Try it - Print, exactly and with no pictures, the line containing "在控制台上,我们可以看到名为" and each line after it to the end of the entries below.

☆ ☆ ☆

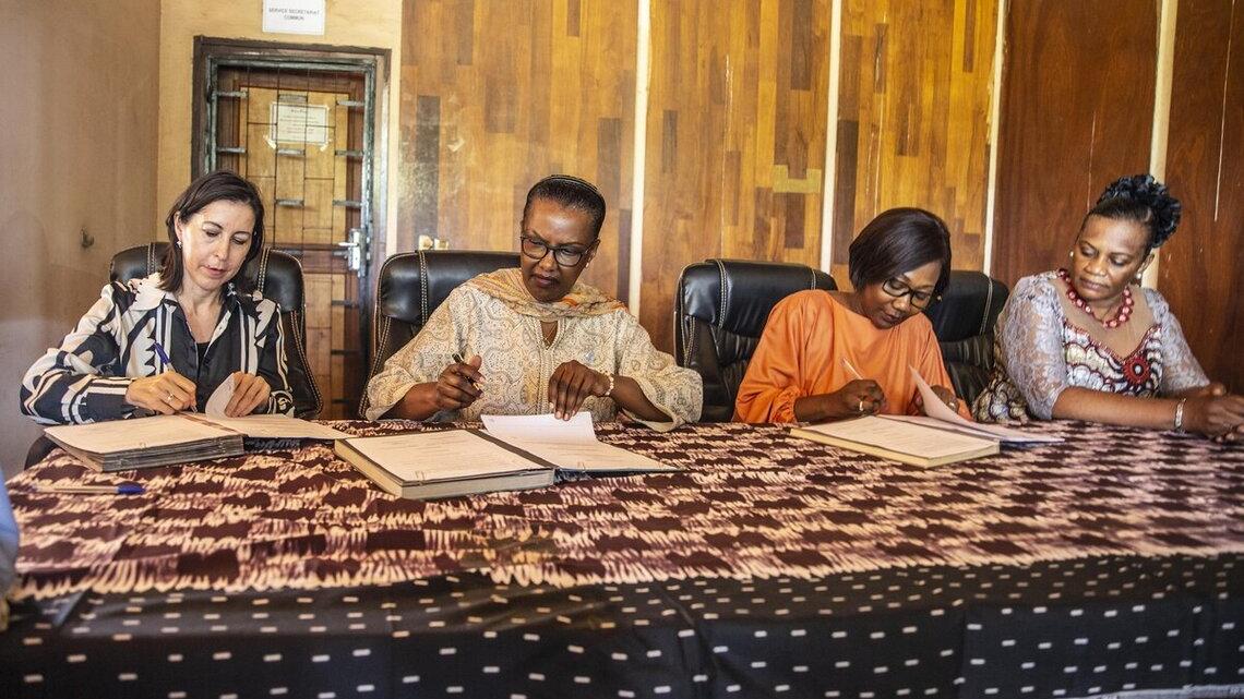 Valentine Rugwabiza, Représentante spéciale du Secrétaire général pour la République centrafricaine et Cheffe de la MINUSCA, ainsi que Meritxell Relano, Représentante de l'UNICEF en République centrafricaine, étaient présentes pour les Nations Unies. Le Gouvernement centrafricain, quant à lui, était représenté par la Ministre des affaires étrangères, de la Francophonie et des Centrafricains de l'étranger, Sylvie Baïpo Témon, et la Ministre de la promotion du genre, de la protection de la femme, de la famille et de l’enfant, Marthe Kirimat.
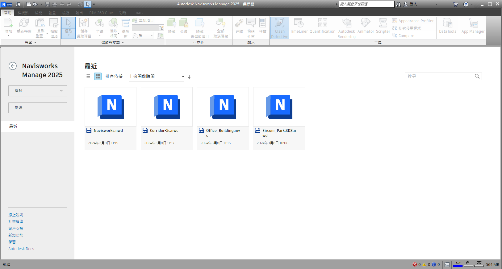 Navisworks 首頁致力於為產品的使用者提供一致且友好的體驗。如果一開啟應用程式就直接進入工作區,可能會讓人感到不適應、難以接受。通常情況下,直接進入的工作區與您想要完成的工作並不相符,並且它假定您對產品的瞭解程度相對較高。Navisworks 首頁重點包括您最常見的需求,並且可讓您輕鬆存取所需資源。
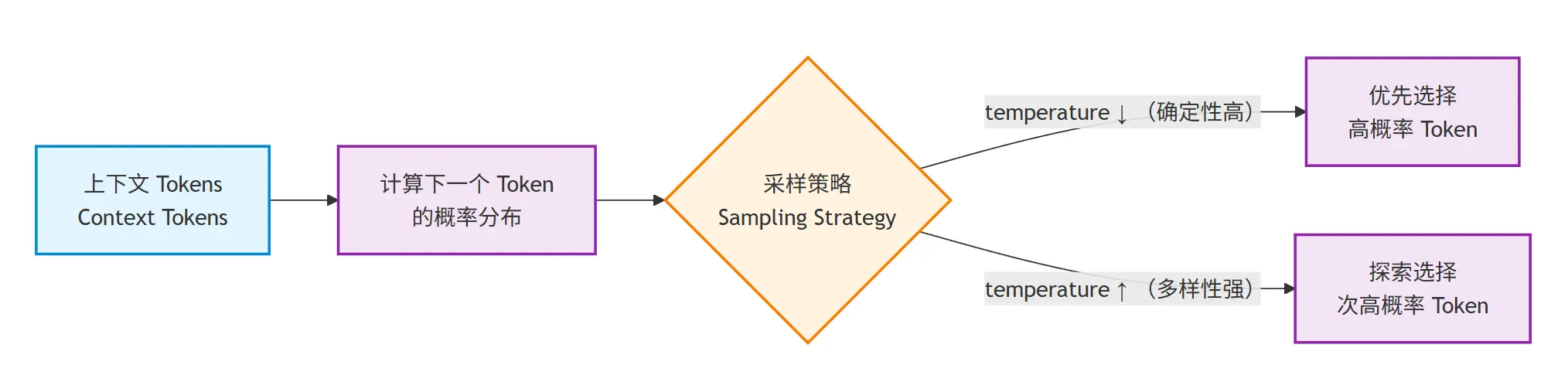 - temperature 越低:越偏向“最可能”的结果
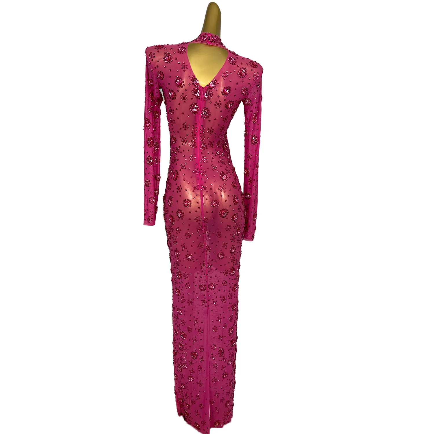Women Classic Elegant Diamonds Dress Long Sleeve Birthday Prom Gowns Celebrity Dresses Performance Stage Outfits Yuanquanxiong
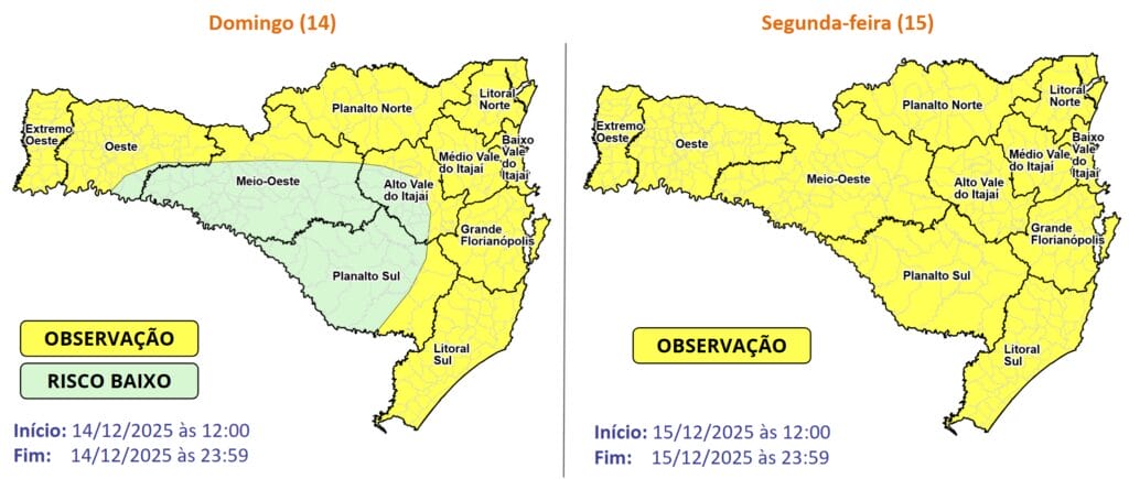 Já na segunda-feira, as temperaturas sobem ainda mais e passam dos 30°C em todas as regiões do Estado, podendo chegar até os 35°C em áreas do Litoral e Vale do Itajaí. Todo esse calor, somado ao aumento da umidade e a intensificação do centro de baixa pressão associado a frente fria, favorecem o desenvolvimento de temporais, acompanhados por raios, rajadas de vento, chuva pontualmente intensa e eventual queda de granizo.
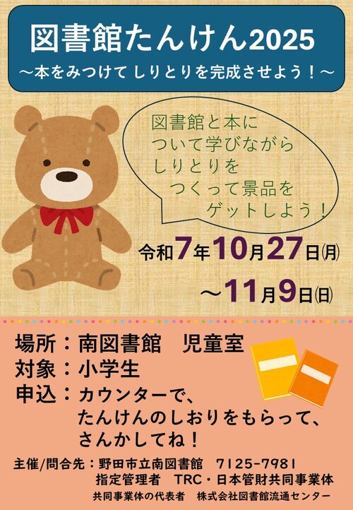図書館の児童室で本をみつけて、しりとりを完成させよう!
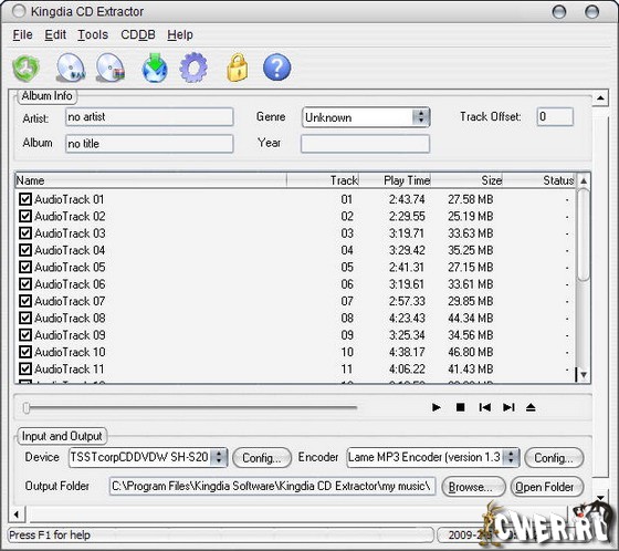 Kingdia CD Extractor является граббером аудио CD и аудио конвертером. Область применения: перенос цифровых аудио треков непосредственно с CD дисков в аудио форматы MP3, WAV, WMA, OGG, VQF и APE и другие форматы. Возможность конвертирования между форматами MP3, WAV, WMA, OGG, VQF , APE. Поддержка переконвертирования с новыми параметрами, поддержка MP2, RIFF-WAV форматов, поиск информации и авто заполнение тэгов по CDDB базе через Интернет, создание и редактирование ID3 тэгов, создание собственной CDDB базы коллекции, встроен проигрыватель аудио файлов, экспорт M3U и PLS плейлистов, простой и удобный интерфейс, высокая скорость и высокое качество.
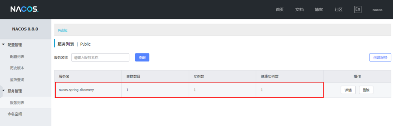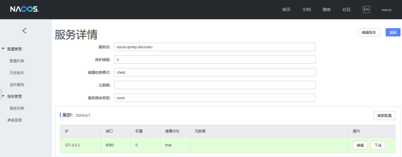 在控制台上,我们可以看到名为nacos-spring-discovery服务实例,点击详情按钮查看实例的详细信息:
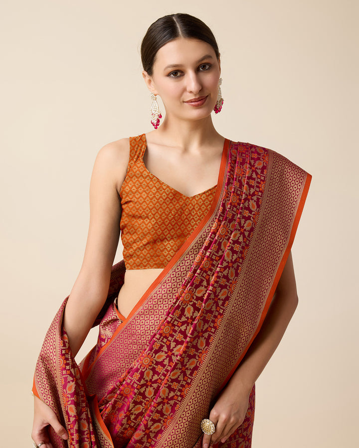 The opulent pallu and wide border are detailed with traditional Banarasi patterns, including floral vines and temple motifs, lending a timeless grandeur. It comes paired with a contrasting rust-orange blouse piece that complements the deep tones of the saree, enhancing the overall ensemble.
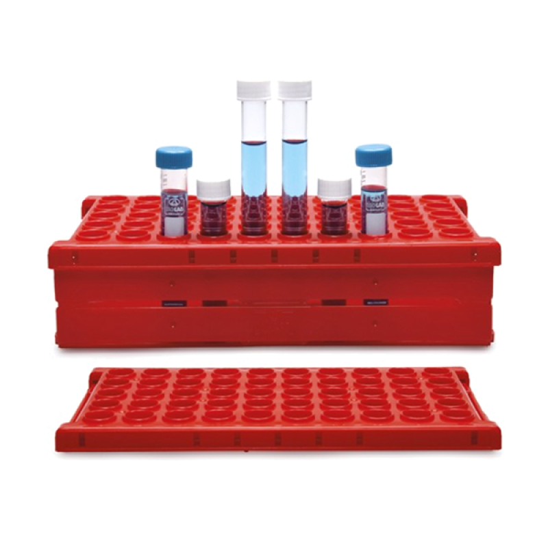 ISOLAB Tüp Standı P.P Katlanabilir 18 mm Tüpler İçin Kırmızı 5x10 Delikli

☆ ☆ ☆

Solved exercise -
 在控制台上,我们可以看到名为nacos-spring-discovery服务实例,点击详情按钮查看实例的详细信息:
 The opulent pallu and wide border are detailed with traditional Banarasi patterns, including floral vines and temple motifs, lending a timeless grandeur. It comes paired with a contrasting rust-orange blouse piece that complements the deep tones of the saree, enhancing the overall ensemble.
 ISOLAB Tüp Standı P.P Katlanabilir 18 mm Tüpler İçin Kırmızı 5x10 Delikli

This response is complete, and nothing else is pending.